Il ne protesta pas et Rose resta à l'entrée de l'infirmerie. Regardant autour d'elle, elle vit que les lits occupés la veille par les Serpentards étaient vides, excepté un, entouré des rideaux blancs qu'elle connaissait bien. Elle devina qu'il s'agissait de Rowland et se demanda si sa mémoire lui jouait le tour prévu par Mandy. Et si les marques sur sa peau allaient être identifiables ou pas.
Ce faisant, Rose essayait en même temps d'ignorer ses paumes moites et se mordait inconsciemment la lèvre du bas, nerveuse.
Madame Pomfresh escorta Idriss vers la sortie. Son ami adressa un pouce en l'air à Rose, signifiant que tout allait bien.
- Tu remonteras à la Salle Commune toute seule ?
- Pas de souci.
Il disparut et Rose se retourna, tombant nez à nez avec l'infirmière. Elle soutint son regard calmement.
- Warrington est parti.
Ce n'était pas une question et Pomfresh ne répondit pas.
- Elle s'est réveillée ?
- Oui.
Elle se mit à marcher, Rose la suivit et écouta.
- Les marques sont minimisées, mais elles resteront à vie. Je ne peux rien faire de plus.
Elle paraissait frustrée devant cet échec. Rose resta évidemment silencieuse, attendant la suite.
- Elle ne se souvient pas, révéla l'infirmière en s'arrêtant devant son bureau.
À voix très basse, elle continua :
- Pour elle, un sort l'a atteinte alors qu'elle se penchait vers Monsieur Van Alten et elle a perdu connaissance, pour ne se réveiller qu'ici.
Rose hocha prudemment la tête, ne voulant pas montrer sa satisfaction et son soulagement. Elle allait offrir toute la réserve de chocolat de Honeydukes à Mandy.
- En tant que membre du personnel de l'école, je ne peux pas cautionner cet acte.
L'estomac de la Serdaigle se contracta douloureusement.
- En tant que sorcière au courant de votre situation, j'estime que c'était nécessaire, termina-t-elle, presque à contrecœur.
- Merci, fit Rose du bout des lèvres, comprenant qu'elle était en sécurité.
Elles se regardèrent intensément. Elle allait se tourner vers les lits pour se précipiter vers William avant que le courage ne la quitte de nouveau, quand Madame Pomfresh reprit, toujours d'une voix discrète.
- Je vais vous reposer la question. Avez-vous perdu le contrôle ?
- Non, affirma de nouveau Rose. Je me suis transformée pour défendre mes amis.

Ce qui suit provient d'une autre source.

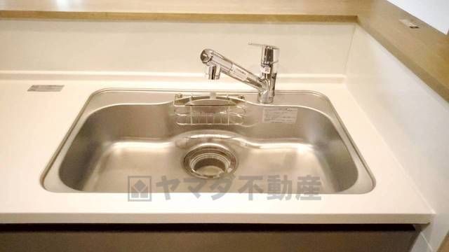 広々としたステンレスシンクには、洗剤やスポンジを収納出来るラック付き。広さも確保しているので、大きなお鍋も洗いやすいです。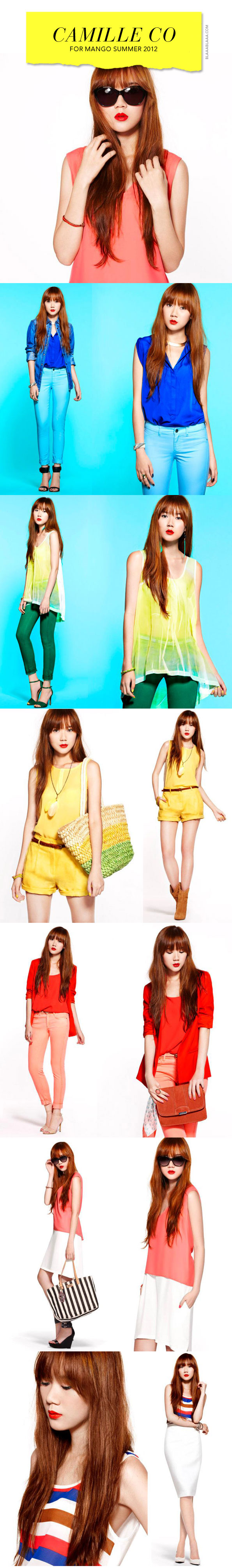 Und die nächste bitte, das Bloggerin-ich-bin-auch-ein-Model-Karussell dreht sich ja mittlerweile so schnell, dat kann einem bei so viel Farbstoff schon mal ein bissrl auf den Magen schlagen. Also halten wir mal rasch an, stopp, langsam: Das ist ist Camille Co, der neuste Familienzuwachs bei der spanischen Modekette mit Süssfrucht-Garantie, Mango, und Camille darf fürs Haus die Key-Trends der Sommer-Kollektion präsentieren. Alles klar? Brauchst du ein Farb-Rennie? Nö? Na dann ist ja alles im gelb-rot-blau-weiss-grünen Bereich.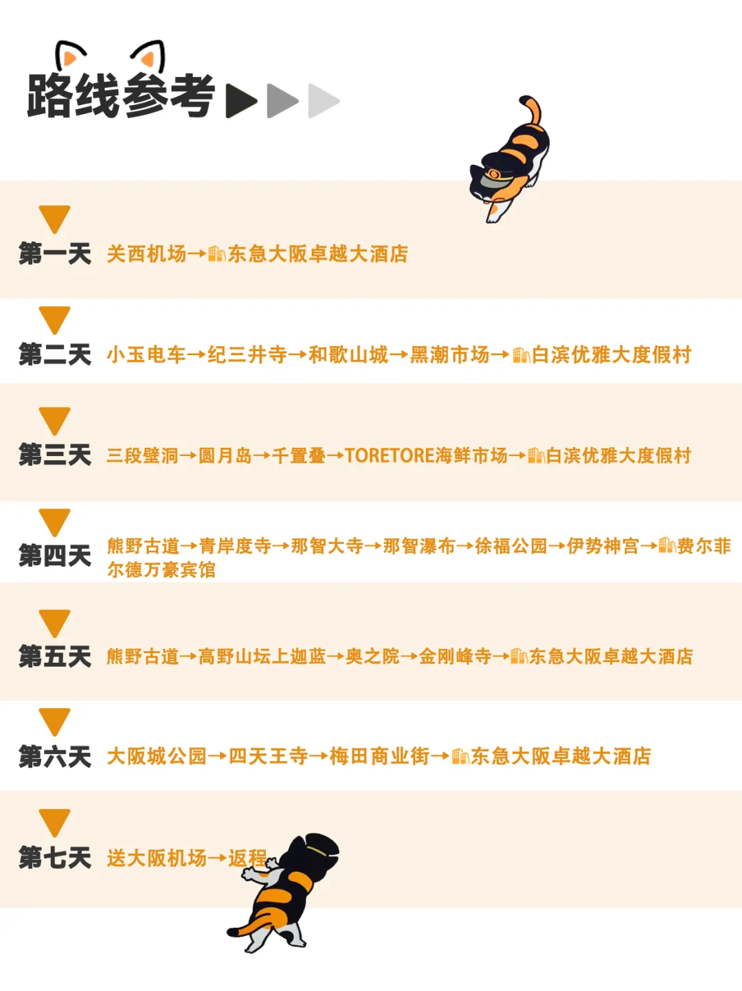 和歌山紧邻日本关西大阪府,被优美的自然🥰风光和悠久历史环绕,每一处仿佛都在诉说古老的故事,如果你想远离人潮,喜欢自然风光古色古香,那么和歌山⛰️绝对能给到你独具一别的体验,小编给大家整理了一份7天大阪往返行程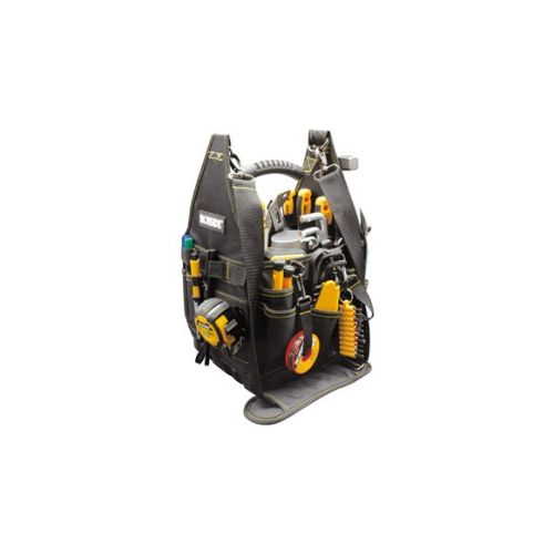 En nailon balístico 1680 D muy resistente a la abrasión. Parte inferior de goma, Correa de transporte y asa de plástico, 14 bolsillos exteriores, con correas de nylon, 3 soportes para correas, 8 bolsillos interiores con correas, Soporte par a cinta métrica, Soporte para 3 correas, Soporte interno de herramientas extraíb le con correas. Probado con más de 40 herramientas. Herramientas no incluidas.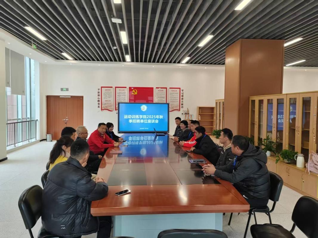 为搭建用人单位与毕业生的精准对接平台,助力2026届毕业生高质量就业,11月7日,运动训练学院2025年秋季招聘单位座谈会在图书馆2-6会议室顺利举行。学院党委书记彭健、院长杨成波及相关工作人员参会,与来自省内外的13家用人单位代表围绕人才需求、就业合作等议题展开深入交流。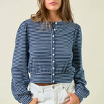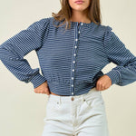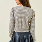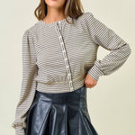 Striped Knit Button Front Blouse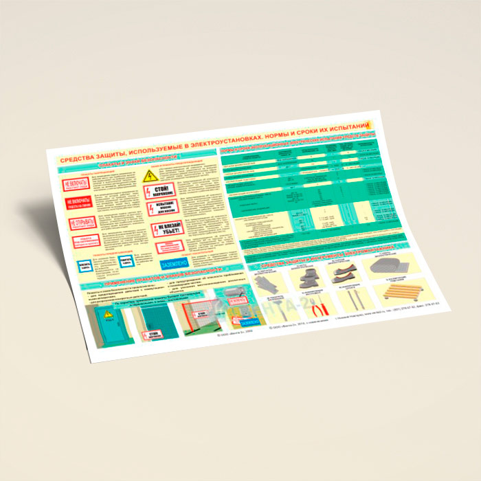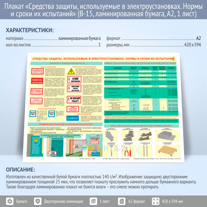 Плакат «Средства защиты, используемые в электроустановках. Нормы и сроки их испытаний» (В-15, ламинированная бумага, А2, 1 лист) в Верее купить
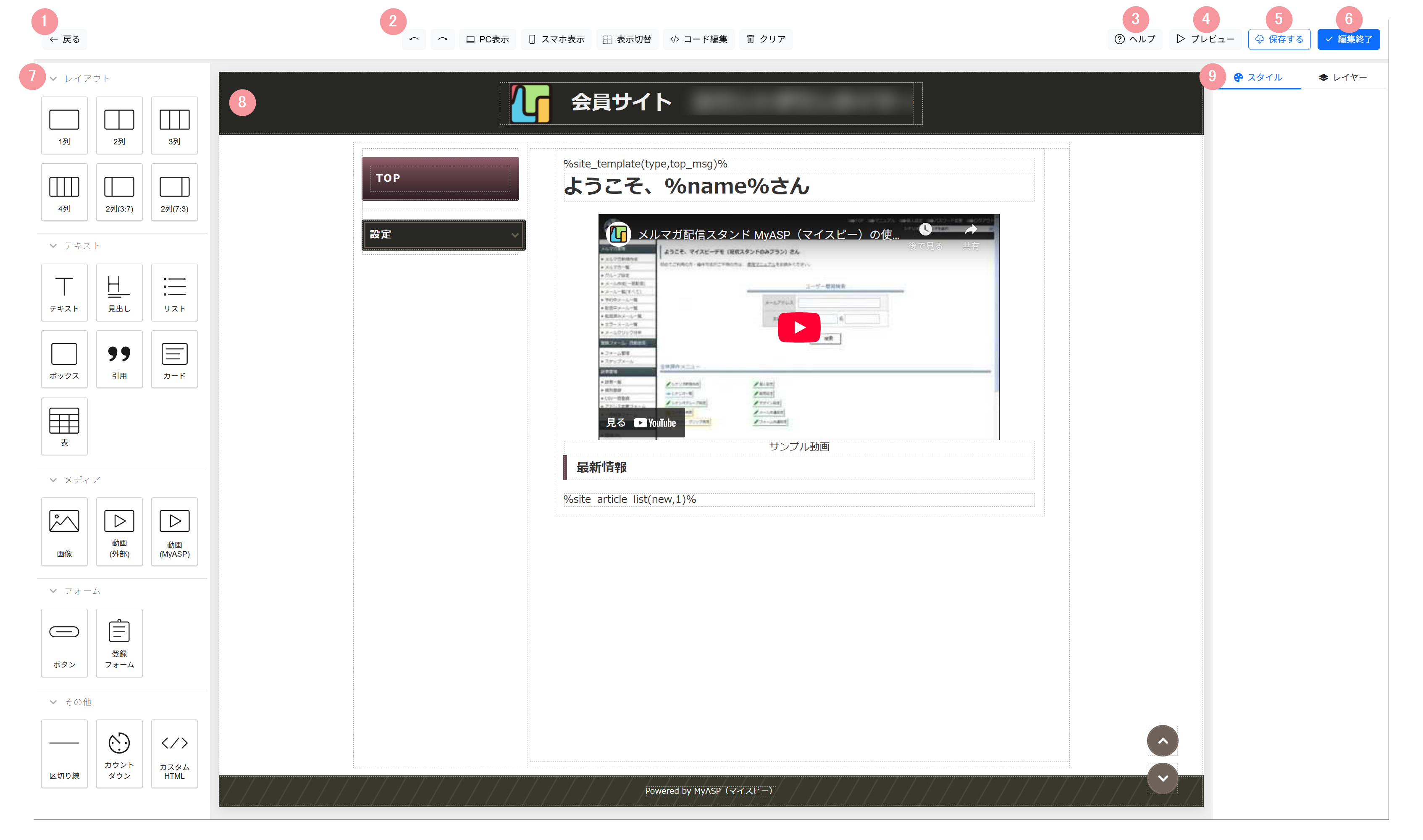 詳細は、会員サイトページ編集時の注意を参考にしてください。

Je cours plus vite comme ça…
Elle masqua l'agacement qui pointait en elle.
- À quel moment vous êtes-vous arrêtée avec Miss Rowland ?
Rose croisa les bras et marmonna sa réponse.
- En voyant William.
Ce qui était un demi-mensonge. Peut-être trois quarts de mensonge. Bon, d'accord, un mensonge entier. Elle soupira, agacée par le regard intrusif de l'infirmière.

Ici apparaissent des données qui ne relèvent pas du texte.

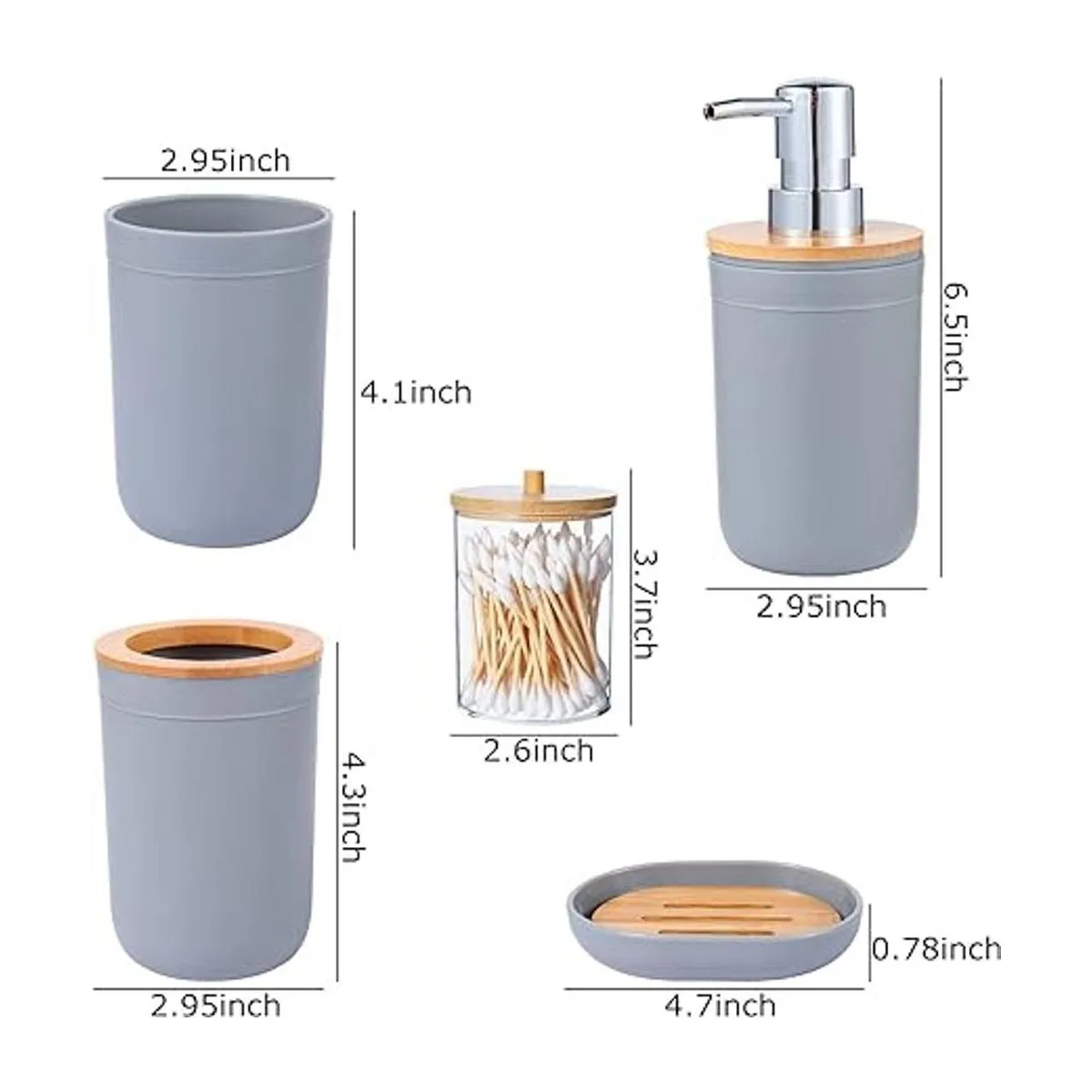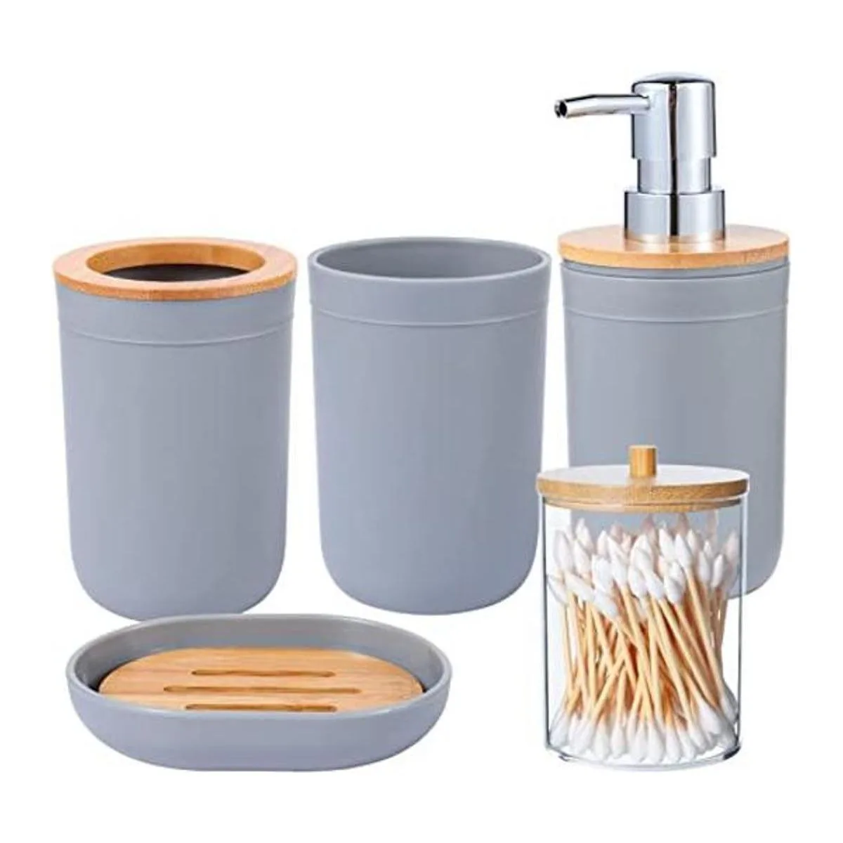 iMucci Juego de 5 accesorios de baño de plástico, decoración para el baño, con soporte y vaso para cepillos de dientes, dispensador de jabón y jabonera gris, con bambú

- Parce que mes amis m'ont retenue, cracha-t-elle enfin, maitrisant le volume de sa voix.
Elle serra les poings, les bras toujours croisés contre son buste.
- Mes amis m'ont retenue et m'ont parlé, j'ai vu William, je suis partie vers lui et j'ai laissé cette… j'ai laissé Rowland derrière moi.

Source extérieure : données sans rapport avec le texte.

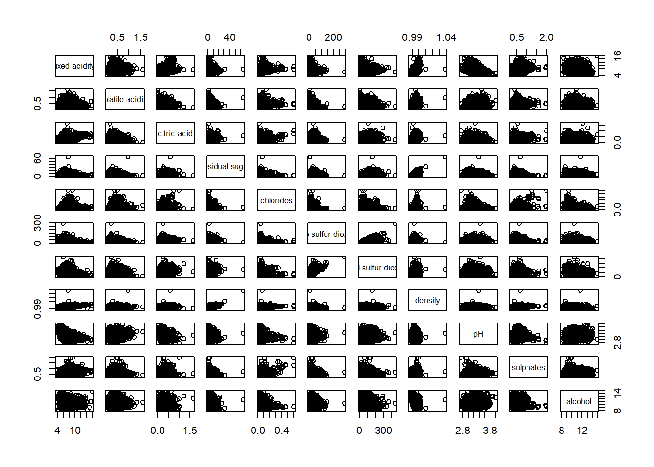 Figure below shows the scatter plot matrix of Wine Quality Data. It is a 11 by 11 matrix.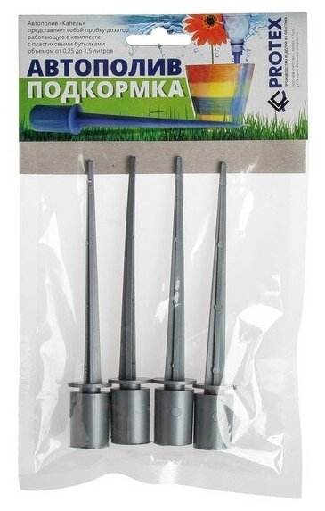 Автополив для комнатных растений под бутылку, регулируемый, серый, из пластика, высота 20 см, 4 шт. информация:

Revivre le moment était la dernière chose à faire. Mais c'était trop tard : un second battement de cœur, faible mais ferme, s'ajouta au sien. Une grimace lui échappa.
Madame Pomfresh ne la quittait pas du regard et observait chacun de ses mouvements et expressions. Elle demanda d'une voix plus douce que d'ordinaire :
- Avez-vous déjà totalement perdu le contrôle ?
En voyant l'étudiante froncer les sourcils, elle précisa :
- Vous est-il déjà arrivé de vous transformer contre votre gré ? D'avoir un trou de mémoire ?
Surprise par la justesse de sa question, Rose entrouvrit la bouche sans répondre. Les seuls au courant étaient Derek et elle. Elle n'en parlait pas car elle était elle-même trop effrayée par cet épisode.
Le battement de cœur prit de l'ampleur pour égaler le sien. Ses mâchoires se contractèrent.
- Oui, finit-elle par parvenir à dire, ressentant distraitement les rythmes cardiaques jumeaux. Pendant les vacances de Noël.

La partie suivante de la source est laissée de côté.